'The Enigma of Arrival' by V.S. Naipaul
The Enigma of Arrival
By V.S. Naipaul

This novel, published in 1987, was a major departure from Naipaul's earlier works of fiction—a new, hybrid genre that the author has sometimes referred to as "a sequence." It is partly an immigrant's tale, as the narrator leaves his birthplace, the British colony of Trinidad, to live in England, where he will never entirely "settle." But it is also the story of another journey, that of the narrator's development as an artist and an intellectual, a man plumbing the depths of his own consciousness to interpret the world and to discover his place in it. To read this book is to be engaged with the mind of a genius, and Naipaul's mastery of the English language has always struck me as miraculous.
'A Woman in Berlin' by Anonymous
A Woman in Berlin
By Anonymous

Anonymous was a 34-year-old journalist living on her own in Berlin at the end of World War II. Her captivating diary covers eight weeks in the spring of 1945, when the city was occupied by the victorious Russian army. It is a story of hunger and rape, fear and humiliation, corruption and shame. Anonymous died in 2001. Her story will live as long as there is a readership for the literature of war, conquest, and the will to survive.
'The Emigrants' by W.G. Sebald
The Emigrants
By W.G. Sebald

One of the fascinating things about The Emigrants is how difficult it is to describe. It is composed of a quartet of stories about four people living in exile from Germany. Only slowly does the reader begin to connect the stories and to understand that this is a narrative about the Holocaust. Sebald's prose has a hallucinatory force, and this unique work, which is as much a documentary as a work of fiction, leaves the reader awed and shaken.
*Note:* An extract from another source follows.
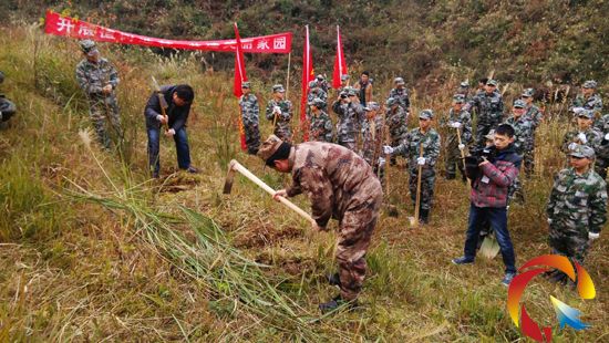 縣人武部官兵、龍山鎮(zhèn)政府的干部職工經(jīng)過一天的辛勤勞動,栽植苗木2000余株。(潘紅梅 彭德華)

Though it speaks of terribly painful things, its wisdom and beauty lift up the heart.
'A Writer's Diary' by Virginia Woolf
A Writer's Diary
By Virginia Woolf

This volume was first published in 1953, long before the complete Diary would become available. The editor, Woolf's husband, Leonard, chose only extracts that related to his wife's writing career. One reviewer, W.H. Auden, wrote, "I have never read any book that conveyed more truthfully what a writer's life is like.…" I read it around the same time that I began reading Woolf's fiction, and it has meant as much to me as any of her novels—perhaps more. In her reflections on her life as a woman and a writer, I have taken boundless comfort as well as delight. As another reader, her friend Elizabeth Bowen, concluded, "The spring and principle of her art was joy."
'Sleepless Nights' by Elizabeth Hardwick
Sleepless Nights
By Elizabeth Hardwick

The author of this short, impressionistic novel was my teacher when I was an undergraduate. She was also the first professional writer I ever met. Part fiction, part autobiography, this is one of the most original books I have read. Filled with imaginative meditations on a range of subjects, from Billie Holiday to the lives of cleaning women, it has been celebrated for its gorgeous prose. According to Susan Sontag, Hardwick writes "more beautiful sentences than any living American writer."
'Bleak House' by Charles Dickens
Bleak House
By Charles Dickens

This is a novel you don't so much read as move into for the duration. For me, it's Dickens's most serious and most entertaining work. The enchantment begins on the first page, with the description of London's "implacable November weather" and the famous fog. I know a writer who used to read this passage for inspiration every day before sitting down to work. All of English Victorian society is here. If nothing else about that world existed, we'd still know it thoroughly from these pages. Mystery, love story, satire, sociological critique—this grand, capacious novel contains them all. But at its core—and like all of Dickens—Bleak House is a kind of fairy tale, a story about good and evil, and the redemptive power of love.